Dataset excerpts —

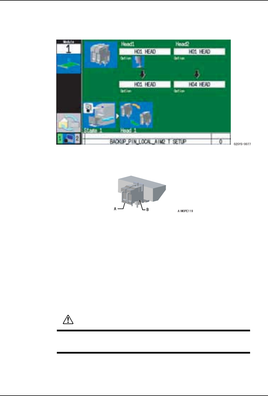 5. 换线 QD049-04 148 AIM 系统手册 5.9 工作头的更换 5.9.1 工作头更换的向导画面 备注 ) 根据 Job,必须更换贴装工作头的类型 (从 1 吸嘴工作头到 8 吸嘴工作头或从 8 吸嘴工作头到 单吸嘴工作头) 。通常在更换工作头种类的同时,有必要进行吸嘴置放台的更换。 备注 ) 画面上所显示的 “A” “B”表示工作头的位置。 5.9.2 工作头的卸下和安装 1. 机器判断出需要更换工作头时,工作头更换示意…
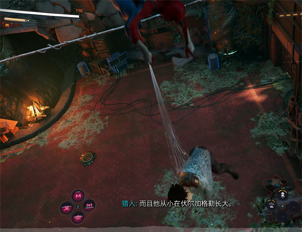 1。第一步,玩家需要先解锁蜘蛛丝,然后走到墙边按下L2+三角键,蜘蛛丝线就会出现,你就可以在上面潜行了。
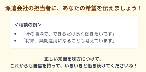 • 派遣会社の担当者に長期就業の希望を伝えることが最優先
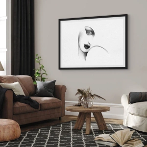 Plagát v čiernom ráme - Jemný portrét ženy v čiernobielom štýle - 50x70cm - V štýle Lempickej - Moderná nástenná dekorácia do obývacej izby a spálne ARTTOR
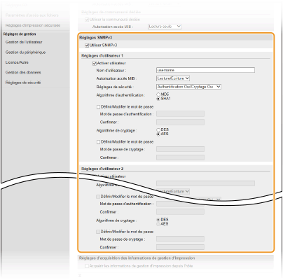 Le protocole SNMP (Simple Network Management Protocol) est un protocole dédié à la surveillance et au contrôle des périphériques de communication d'un réseau et fait intervenir une base d'informations de gestion MIB (Management Information Base). L'appareil prend en charge la version SNMPv1 ainsi que la version SNMPv3 dotée de fonctions avancées de sécurité. Vous pouvez vérifier le statut de l'appareil à partir d'un ordinateur lorsque vous imprimez des documents ou utilisez l'interface utilisateur distante. Vous êtes libre d'activer SNMPv1, SNMPv3 ou encore les deux protocoles à la fois. Indiquez les réglages de chaque version de façon à les adapter à votre environnement réseau et à l'utilisation du réseau.
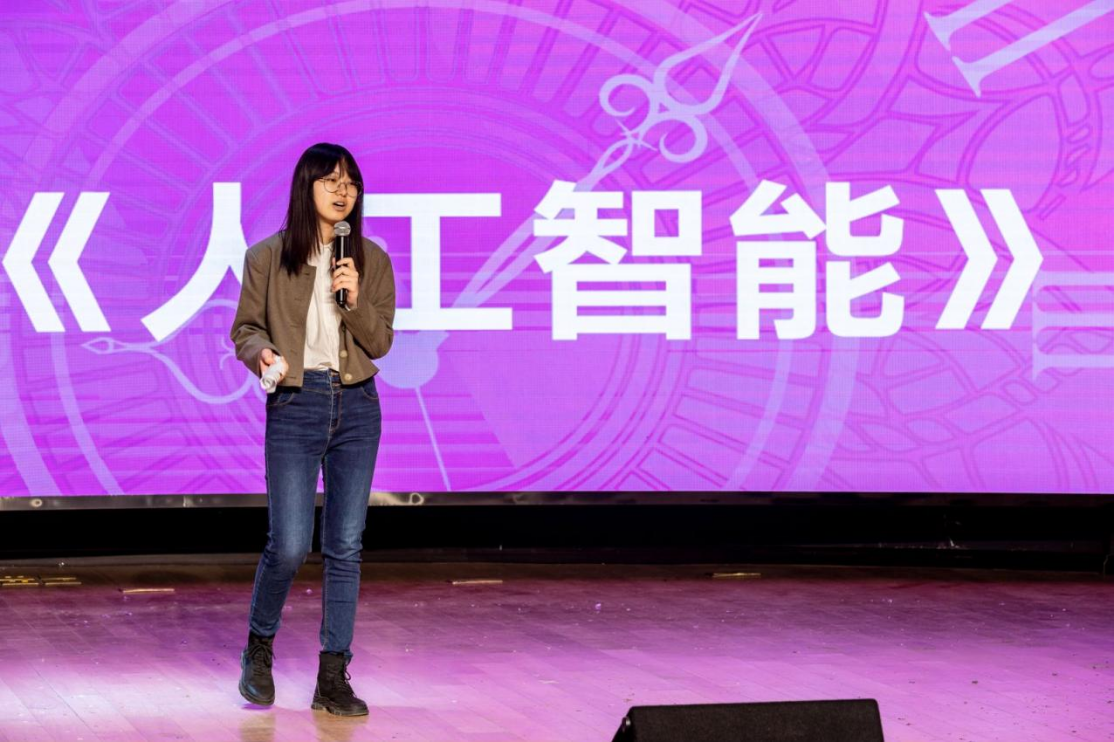 人工智能时代正以不可阻挡之势席卷而来,在享受着科技日新月异、生活更加便利的同时,我们还看到AI正悄悄地抢占着一部分工作机会,于是我们不禁感到困惑:人类又该何去何从呢?2022级1班的戴展彤同学带来的脱口秀《人工智能》以风趣幽默却又不失深刻意蕴的言语让我们有所思考。
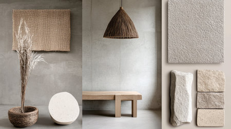 Explore a serene display of natural decor elements that combine minimalist design with rustic textures. This arrangement features neutral tones, organic shapes, and a harmonious balance, ideal for creating a calming ambiance in modern interiors.
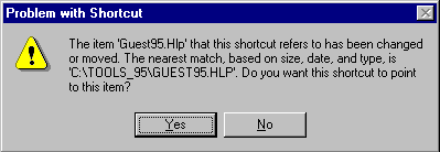 "Missing Shortcut" and "Problem with Shortcut" errors when running SETUP95.EXE - When running SETUP95.EXE, the user may encounter many errors similar to the one below:
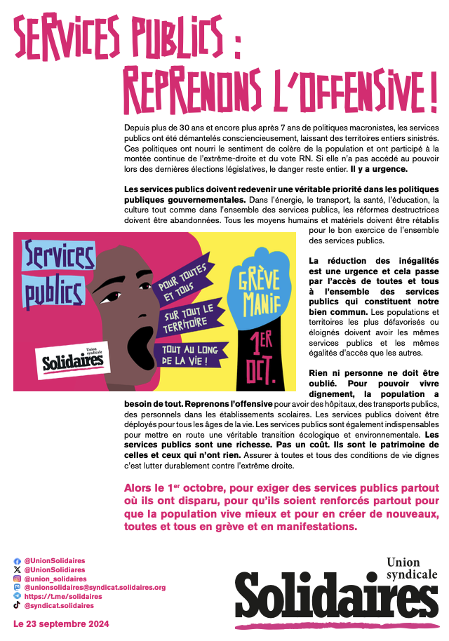 Alors le 1er octobre, pour exiger des services publics partout où ils ont disparu, pour qu’ils soient renforcés partout pour que la population vive mieux et pour en créer de nouveaux, toutes et tous en grève et en manifestations.

EXERCISE DIRECTIONS —
Produce an exact copy of the records above, leaving out the pictures.

WRITTEN ANSWER —
 5. 换线 QD049-04 148 AIM 系统手册 5.9 工作头的更换 5.9.1 工作头更换的向导画面 备注 ) 根据 Job,必须更换贴装工作头的类型 (从 1 吸嘴工作头到 8 吸嘴工作头或从 8 吸嘴工作头到 单吸嘴工作头) 。通常在更换工作头种类的同时,有必要进行吸嘴置放台的更换。 备注 ) 画面上所显示的 “A” “B”表示工作头的位置。 5.9.2 工作头的卸下和安装 1. 机器判断出需要更换工作头时,工作头更换示意…
 1。第一步,玩家需要先解锁蜘蛛丝,然后走到墙边按下L2+三角键,蜘蛛丝线就会出现,你就可以在上面潜行了。
 • 派遣会社の担当者に長期就業の希望を伝えることが最優先
 Plagát v čiernom ráme - Jemný portrét ženy v čiernobielom štýle - 50x70cm - V štýle Lempickej - Moderná nástenná dekorácia do obývacej izby a spálne ARTTOR
 Le protocole SNMP (Simple Network Management Protocol) est un protocole dédié à la surveillance et au contrôle des périphériques de communication d'un réseau et fait intervenir une base d'informations de gestion MIB (Management Information Base). L'appareil prend en charge la version SNMPv1 ainsi que la version SNMPv3 dotée de fonctions avancées de sécurité. Vous pouvez vérifier le statut de l'appareil à partir d'un ordinateur lorsque vous imprimez des documents ou utilisez l'interface utilisateur distante. Vous êtes libre d'activer SNMPv1, SNMPv3 ou encore les deux protocoles à la fois. Indiquez les réglages de chaque version de façon à les adapter à votre environnement réseau et à l'utilisation du réseau.
 人工智能时代正以不可阻挡之势席卷而来,在享受着科技日新月异、生活更加便利的同时,我们还看到AI正悄悄地抢占着一部分工作机会,于是我们不禁感到困惑:人类又该何去何从呢?2022级1班的戴展彤同学带来的脱口秀《人工智能》以风趣幽默却又不失深刻意蕴的言语让我们有所思考。
 Explore a serene display of natural decor elements that combine minimalist design with rustic textures. This arrangement features neutral tones, organic shapes, and a harmonious balance, ideal for creating a calming ambiance in modern interiors.
 "Missing Shortcut" and "Problem with Shortcut" errors when running SETUP95.EXE - When running SETUP95.EXE, the user may encounter many errors similar to the one below:
 Alors le 1er octobre, pour exiger des services publics partout où ils ont disparu, pour qu’ils soient renforcés partout pour que la population vive mieux et pour en créer de nouveaux, toutes et tous en grève et en manifestations.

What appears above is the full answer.